HAPCUT2 --fragments FRAGMENT_FILE --vcf MERGED_VCF --output HAPLOTYPES

Finally, we prepared our haplotype predictions for neoepiscope neoepitope prediction using neoepiscope:

neoepiscope prep -v MERGED_VCF -c HAPLOTYPES -o PREPPED_HAPLOTYPES

Neoepitope prediction

We predicted neoepitopes of 8-24 amino acids in length with neoepiscope, both accounting for phasing and germline and somatic variants, and not accounting for phasing:

neoepiscope call -b hg19 -c PREPPED_HAPLOTYPES -o OUTPUT_FILE -k 8,24

neoepiscope call -b hg19 -c PREPPED_HAPLOTYPES -o OUTPUT_FILE -k 8,24 --isolate --germline exclude

To determine the effects of phasing on neoepitope prediction, we used the script epitope_count_comparison.py to identify variants unique to/shared between the two neoepitope calling modes. The neoepiscope output files should be formatted as PATIENT_ID.TUMOR_ID.neoepiscope.out and PATIENT_ID.TUMOR_ID.neoepiscope.somatic_unphased.out for compatiblity with this script.
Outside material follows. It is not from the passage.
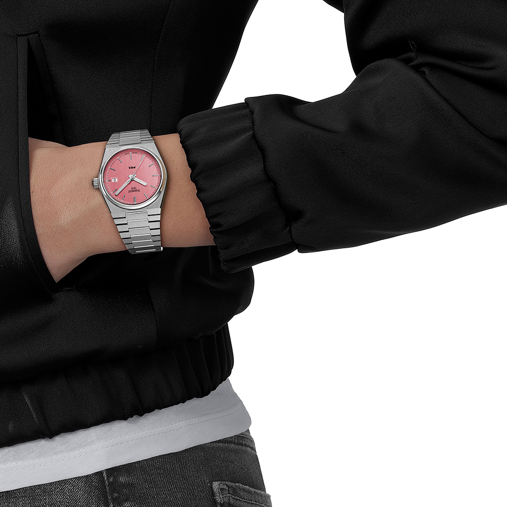 Dieses PRX 35mm Modell verfügt über ein 316L-Edelstahlgehäuse, ein pinkes Zifferblatt mit Datumsanzeige und mit SuperLuminova Leuchtmasse beschichtete Stabzeiger sowie Indexe. Das integrierte 316L-Edelstahlarmband besitzt ein Schnellwechselsystem und eine Butterfly-Faltschließe mit Drückern.

The output file from this script (phasing_epitope_data.tsv) is processed by phasing_stats.R.

Phasing prevalence

We used a combination of two scripts to analyze phasing. First, we ran phasing_analysis.py to identify instances of variant phasing within 33, 72, or 94 bp across all patients and tumors:

python phasing_analysis.py -o OUTPUT_DIR -n NEOEPISCOPE_DATA_DIR -c HAPLOTYPE_DIR -d 33

python phasing_analysis.py -o OUTPUT_DIR -n NEOEPISCOPE_DATA_DIR -c HAPLOTYPE_DIR -d 72

python phasing_analysis.py -o OUTPUT_DIR -n NEOEPISCOPE_DATA_DIR -c HAPLOTYPE_DIR -d 94

The HAPLOTYPE_DIR is the directory containing the prepped haplotype files from HapCUT2/neoepiscope merge used to predict neoepitopes. For consistency with the script, the naming convention on these files should be PATIENT_ID.TUMOR_SAMPLE_ID.hapcut.out.prepped. The NEOEPISCOPE_DATA_DIR is the directory into which neoepiscope download saves it's data - make sure that you have run the downloader and selected 'yes' to download the hg19 GTF and bowtie index files.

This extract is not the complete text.